Listed records:
_ _ _ _ _

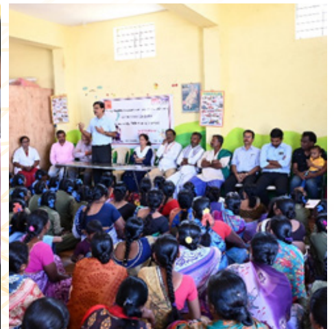
On 8 th November 2024, a health camp was organized at Kurabagatti School, focusing on the well-being of female students. In collaboration with the Family Planning Association of India (FPAI), HPV (Human Papillomavirus) vaccines were administered. This initiative underscores a strong commitment to safeguarding health and promoting awareness among young girls.
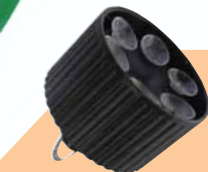
Flood Sucker Bulb Changer
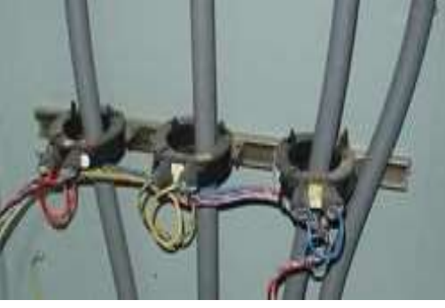
Figure 5 : Current transformer

The current transformer used in this project is used to determine if the current flowing through out the kit is either low current or high current. After determining the current the current transformer will then send it to shunt resistor. From the shunt resistor it is then sent to precision rectifier.
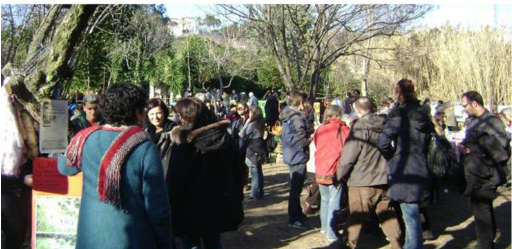
Figure 4 San Laise hill is agriculture, orchard, garden but also social relationships, entertainment, education, togetherness....
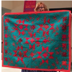
Louis Rupp's Stars

_ _ _ _ _

About this task: Give only the number of lines in the material above that include the word "Figure".

Answer below: 2